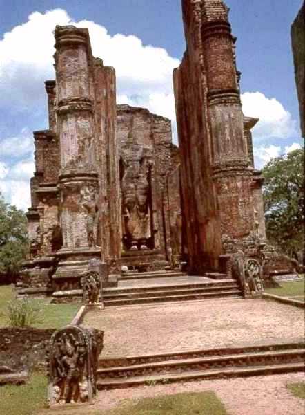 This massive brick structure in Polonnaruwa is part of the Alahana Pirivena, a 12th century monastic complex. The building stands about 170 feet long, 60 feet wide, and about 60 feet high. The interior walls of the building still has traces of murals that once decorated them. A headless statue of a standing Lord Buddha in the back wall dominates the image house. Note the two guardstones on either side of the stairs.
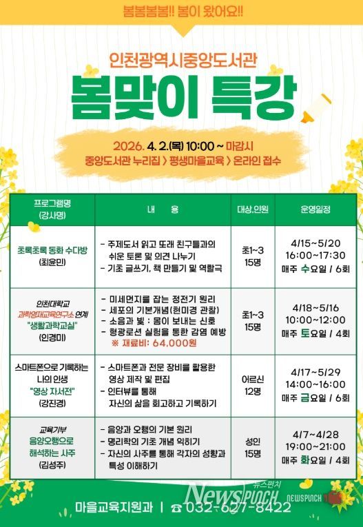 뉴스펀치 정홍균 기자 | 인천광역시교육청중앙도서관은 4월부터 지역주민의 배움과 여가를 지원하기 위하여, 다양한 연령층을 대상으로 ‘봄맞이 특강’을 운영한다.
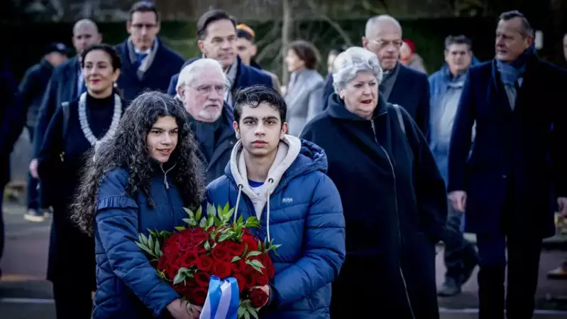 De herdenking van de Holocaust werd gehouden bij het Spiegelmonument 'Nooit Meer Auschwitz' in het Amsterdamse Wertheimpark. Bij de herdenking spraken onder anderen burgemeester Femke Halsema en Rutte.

--------------------------------

Directions: Once the pictures are set aside, please reproduce the remaining material word for word.

Task response:
 This massive brick structure in Polonnaruwa is part of the Alahana Pirivena, a 12th century monastic complex. The building stands about 170 feet long, 60 feet wide, and about 60 feet high. The interior walls of the building still has traces of murals that once decorated them. A headless statue of a standing Lord Buddha in the back wall dominates the image house. Note the two guardstones on either side of the stairs.
 뉴스펀치 정홍균 기자 | 인천광역시교육청중앙도서관은 4월부터 지역주민의 배움과 여가를 지원하기 위하여, 다양한 연령층을 대상으로 ‘봄맞이 특강’을 운영한다.
 De herdenking van de Holocaust werd gehouden bij het Spiegelmonument 'Nooit Meer Auschwitz' in het Amsterdamse Wertheimpark. Bij de herdenking spraken onder anderen burgemeester Femke Halsema en Rutte.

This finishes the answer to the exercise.